I'm trying to implement tokio's Encoder and running into trouble. Why is this not allowed?
error[E0207]: the lifetime parameter `'a` is not constrained by the impl trait, self type, or predicates
--> src/main.rs:7:6
|
7 | impl<'a> Bar for Baz {
| ^^ unconstrained lifetime parameter
fn main() {
println!("{}", A { foo: "foo" }.debugify())
}
struct Baz;
impl<'a> Bar for Baz {
type Item = A<'a>;
fn debugify(&mut self, item: Self::Item) -> String {
format!("{:?}", item)
}
}
#[derive(Debug)]
struct A<'a> {
foo: &'a str,
}
trait Bar {
type Item: std::fmt::Debug;
fn debugify(&mut self, item: Self::Item) -> String;
}
I've tried with type Item = Foo<'_> instead, and that doesn't work either. It seems to me the single method (and thus, the entire trait impl) does not actually need a lifetime constraint. Why is the compiler insisting on having one?

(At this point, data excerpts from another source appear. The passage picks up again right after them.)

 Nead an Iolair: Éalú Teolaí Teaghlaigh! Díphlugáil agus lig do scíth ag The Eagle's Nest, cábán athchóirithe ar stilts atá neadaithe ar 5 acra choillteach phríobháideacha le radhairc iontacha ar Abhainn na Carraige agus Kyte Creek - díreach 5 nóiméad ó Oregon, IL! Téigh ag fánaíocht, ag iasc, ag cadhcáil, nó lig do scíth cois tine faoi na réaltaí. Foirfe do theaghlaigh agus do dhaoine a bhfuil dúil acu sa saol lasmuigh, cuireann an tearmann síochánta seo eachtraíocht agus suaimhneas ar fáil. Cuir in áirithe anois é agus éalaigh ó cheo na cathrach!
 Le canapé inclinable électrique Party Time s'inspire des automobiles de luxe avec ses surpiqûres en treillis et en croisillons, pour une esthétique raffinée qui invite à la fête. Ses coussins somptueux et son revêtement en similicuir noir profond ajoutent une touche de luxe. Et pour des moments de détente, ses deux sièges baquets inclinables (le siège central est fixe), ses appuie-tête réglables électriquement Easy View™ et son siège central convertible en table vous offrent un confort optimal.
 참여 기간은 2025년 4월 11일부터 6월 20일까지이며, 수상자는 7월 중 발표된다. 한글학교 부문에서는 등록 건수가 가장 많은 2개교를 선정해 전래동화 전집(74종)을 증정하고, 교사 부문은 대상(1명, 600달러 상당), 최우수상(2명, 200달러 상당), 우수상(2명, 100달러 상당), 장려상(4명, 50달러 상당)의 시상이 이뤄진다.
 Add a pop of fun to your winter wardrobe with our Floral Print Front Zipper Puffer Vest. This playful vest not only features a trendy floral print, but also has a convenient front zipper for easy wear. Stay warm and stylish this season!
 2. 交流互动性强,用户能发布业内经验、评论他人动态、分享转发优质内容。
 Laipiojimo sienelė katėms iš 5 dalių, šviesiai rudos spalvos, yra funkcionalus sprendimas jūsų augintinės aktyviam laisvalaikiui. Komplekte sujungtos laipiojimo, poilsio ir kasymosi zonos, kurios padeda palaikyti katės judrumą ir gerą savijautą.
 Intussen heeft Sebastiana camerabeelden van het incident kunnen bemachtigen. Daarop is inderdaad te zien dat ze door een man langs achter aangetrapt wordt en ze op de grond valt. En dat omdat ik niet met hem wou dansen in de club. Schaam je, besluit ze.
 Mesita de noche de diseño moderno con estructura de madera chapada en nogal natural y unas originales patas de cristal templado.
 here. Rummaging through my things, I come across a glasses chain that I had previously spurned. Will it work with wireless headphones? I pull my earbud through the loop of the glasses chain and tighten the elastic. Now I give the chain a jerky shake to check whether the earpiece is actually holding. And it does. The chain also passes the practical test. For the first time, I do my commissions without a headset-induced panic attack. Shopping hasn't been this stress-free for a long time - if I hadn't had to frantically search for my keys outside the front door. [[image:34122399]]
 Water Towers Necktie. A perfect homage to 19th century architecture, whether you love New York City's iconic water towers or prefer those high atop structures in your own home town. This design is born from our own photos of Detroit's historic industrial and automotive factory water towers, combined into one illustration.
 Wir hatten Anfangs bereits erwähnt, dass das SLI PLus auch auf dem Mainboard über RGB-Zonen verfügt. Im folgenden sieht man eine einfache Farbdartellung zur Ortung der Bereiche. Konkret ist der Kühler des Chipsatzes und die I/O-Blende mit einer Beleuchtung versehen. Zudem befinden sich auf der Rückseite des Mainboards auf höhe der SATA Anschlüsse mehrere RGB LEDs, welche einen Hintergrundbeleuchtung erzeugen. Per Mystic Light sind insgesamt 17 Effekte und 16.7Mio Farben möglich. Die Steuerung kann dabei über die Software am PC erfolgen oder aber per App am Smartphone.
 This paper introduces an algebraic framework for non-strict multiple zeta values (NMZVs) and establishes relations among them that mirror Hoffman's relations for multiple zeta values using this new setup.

Because it doesn't know where the 'a is coming from. It seems like you want item: Self::Item<'_> as the debugify parameter, because only at the callsite of this function is the lifetime of the item known. That however requires Generic Associated Types, so this is not something you can do yet.
What you can do is implement the trait for &'a mut Baz instead, which is a common pattern in std for avoiding this problem.